═════ Information provided ═════
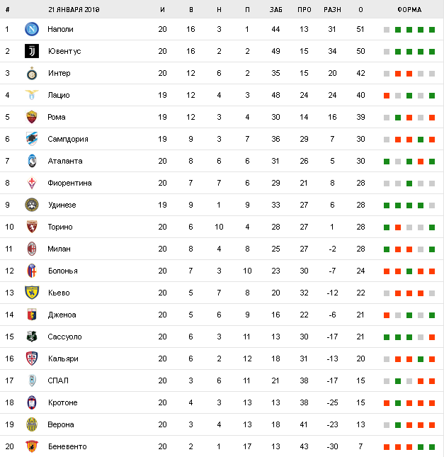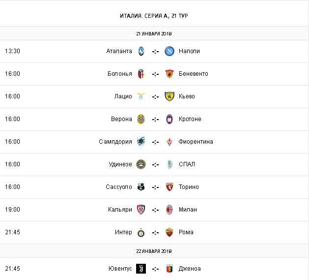 Отгуляв непродолжительные зимние каникулы, команды Серии А вновь возвращаются к трудовым будням. Кто-то успел усилить свой состав на трансферном рынке, кто-то до сих пор переживает потери, а кто-то просто как следует отдохнул. Но теперь каждому предстоит вновь решать свои задачи. Стоит отметить, что в связи с непростым выездом Наполи в Бергамо и легкой прогулкой, которая, скорее всего, ожидает Ювентус в домашнем поединке против Дженоа, у "старой синьоры" есть шанс взобраться на привычное для себя первое место в турнирной таблице.
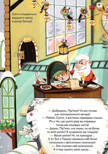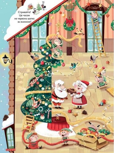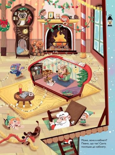 Чудова книжка з віконцями, за якими ховаються сюрпризи будинку Санти.Гайда разом із ним шукати шапку!
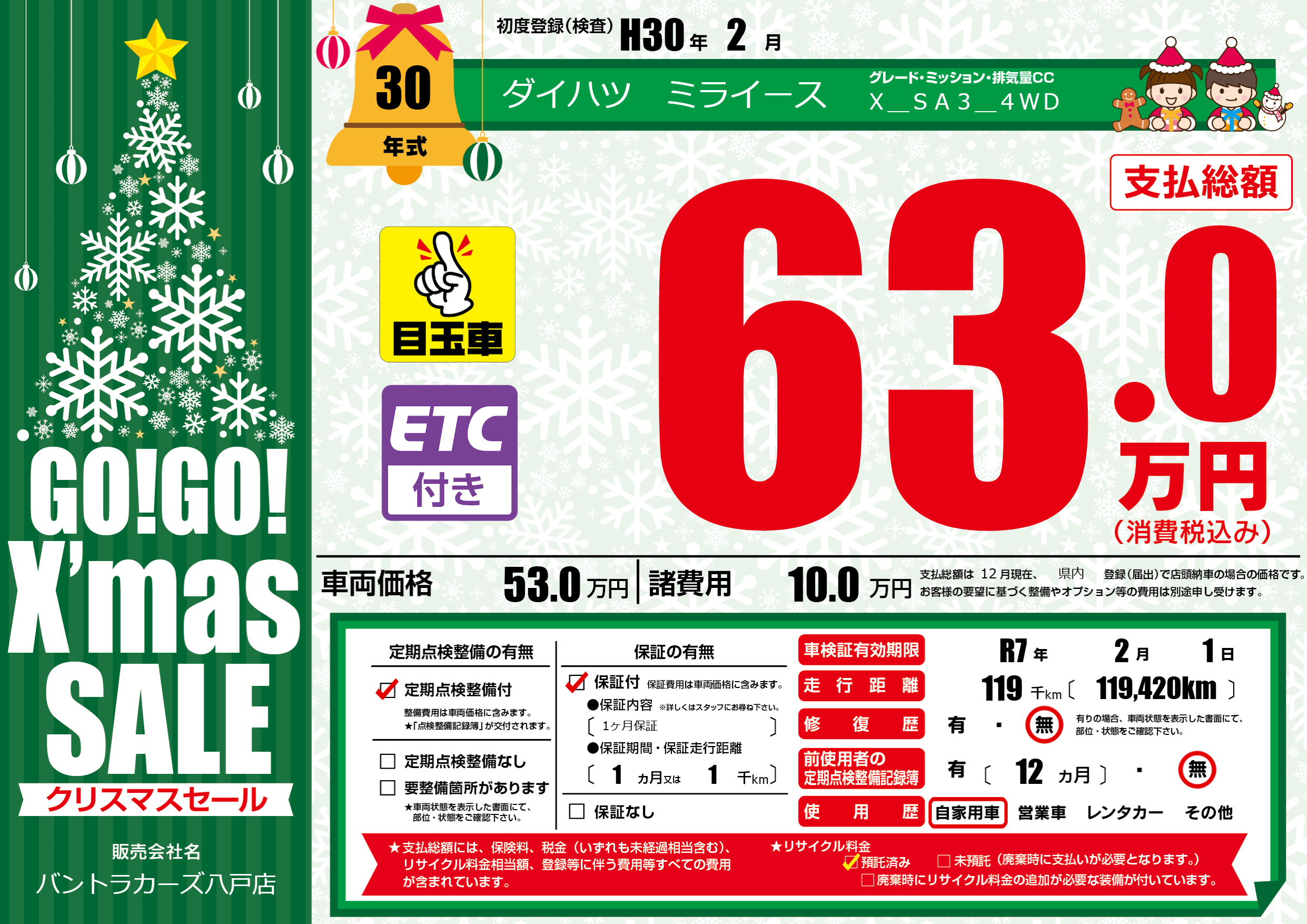 | 走行キロ | 11.9万km | 初年度登録 | H30年2月 |
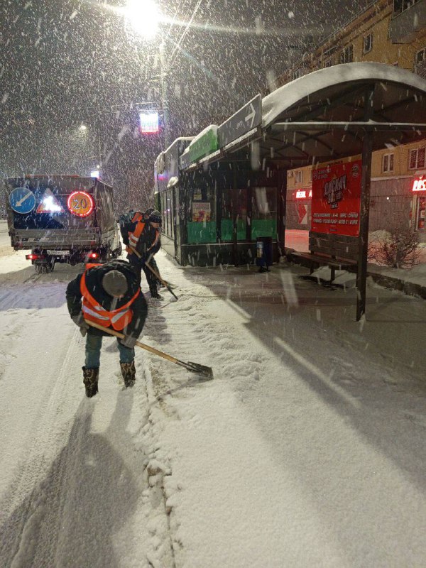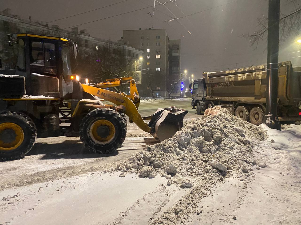 До утренних часов пик зачищались тротуары, остановки общественного транспорта и пешеходные переходы. Отдельный акцент на вывозе снега на полигон.
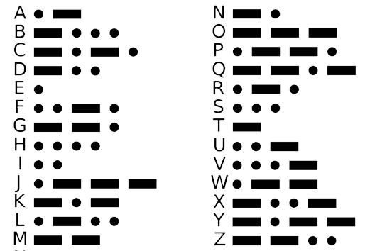 Notice that Morse code sends the most common letters using shorter sequences. So common letters, like E and T, are short while rare letters, like Q and Z, are long. This makes messages more efficient. One disadvantage to Morse code is that it needs to use spaces to separate words and letters. This makes Morse code less efficient. Today, we transmit messages using 1s and 0s. Using 1s and 0s, the most efficient code is Huffman code. Huffman code also sends the most common letters with shorter sequences, but it can do this without having to use spaces between words and letters, making it very efficient.
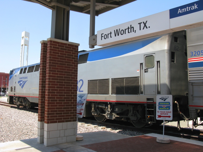 After lunch an announcement was made that we would soon be arriving at our station stop of Ft Worth Tx. Here of course we would be allowed to detrain and get some much needed air. As we entered the downtown Ft Worth area I noticed a mish-mash of tracks going every which way. I also noticed a number of UP & BNSF trains as they slowing made their way in and out of town. This of course brought down our speed considerably. In a little while our train would begin snaking its way into the Ft Worth Amtrak Depot. First thing I noticed off the train was the humidity. Man, was it sticky out there! Also on an adjacent track I noticed train #822 the northbound Heartland Flyer. This is the daily train to Oklahoma City and it is not scheduled to depart until 5:25PM. It seems like a number of people coming off our train were actually connecting to the Heartland Flyer. After a few photos in and around the Ft Worth Depot, I jumped back into my sleeper and awaited our departure.
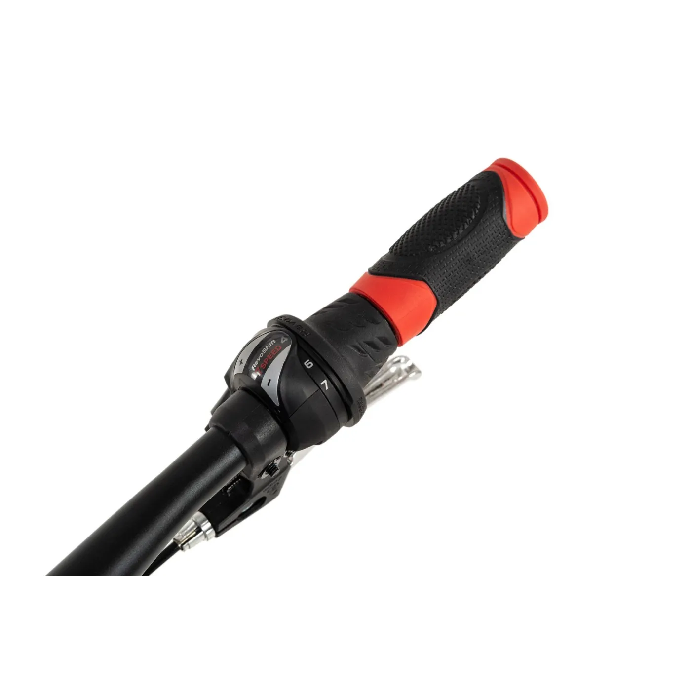 👉 Rower wyposażony jest w 21-biegową przerzutkę Shimano Tourney, która umożliwia szybkie i płynne zmiany biegów, dostosowując się do różnorodnego terenu. Manetka obrotowa Shimano RevoShift pozwala na łatwe i precyzyjne sterowanie przerzutką podczas jazdy.
═════
__Exercise prompt__
An exact reproduction of every record above is required, with no pictures included.

__Final answer__
 Отгуляв непродолжительные зимние каникулы, команды Серии А вновь возвращаются к трудовым будням. Кто-то успел усилить свой состав на трансферном рынке, кто-то до сих пор переживает потери, а кто-то просто как следует отдохнул. Но теперь каждому предстоит вновь решать свои задачи. Стоит отметить, что в связи с непростым выездом Наполи в Бергамо и легкой прогулкой, которая, скорее всего, ожидает Ювентус в домашнем поединке против Дженоа, у "старой синьоры" есть шанс взобраться на привычное для себя первое место в турнирной таблице.
 Чудова книжка з віконцями, за якими ховаються сюрпризи будинку Санти.Гайда разом із ним шукати шапку!
 | 走行キロ | 11.9万km | 初年度登録 | H30年2月 |
 До утренних часов пик зачищались тротуары, остановки общественного транспорта и пешеходные переходы. Отдельный акцент на вывозе снега на полигон.
 Notice that Morse code sends the most common letters using shorter sequences. So common letters, like E and T, are short while rare letters, like Q and Z, are long. This makes messages more efficient. One disadvantage to Morse code is that it needs to use spaces to separate words and letters. This makes Morse code less efficient. Today, we transmit messages using 1s and 0s. Using 1s and 0s, the most efficient code is Huffman code. Huffman code also sends the most common letters with shorter sequences, but it can do this without having to use spaces between words and letters, making it very efficient.
 After lunch an announcement was made that we would soon be arriving at our station stop of Ft Worth Tx. Here of course we would be allowed to detrain and get some much needed air. As we entered the downtown Ft Worth area I noticed a mish-mash of tracks going every which way. I also noticed a number of UP & BNSF trains as they slowing made their way in and out of town. This of course brought down our speed considerably. In a little while our train would begin snaking its way into the Ft Worth Amtrak Depot. First thing I noticed off the train was the humidity. Man, was it sticky out there! Also on an adjacent track I noticed train #822 the northbound Heartland Flyer. This is the daily train to Oklahoma City and it is not scheduled to depart until 5:25PM. It seems like a number of people coming off our train were actually connecting to the Heartland Flyer. After a few photos in and around the Ft Worth Depot, I jumped back into my sleeper and awaited our departure.
 👉 Rower wyposażony jest w 21-biegową przerzutkę Shimano Tourney, która umożliwia szybkie i płynne zmiany biegów, dostosowując się do różnorodnego terenu. Manetka obrotowa Shimano RevoShift pozwala na łatwe i precyzyjne sterowanie przerzutką podczas jazdy.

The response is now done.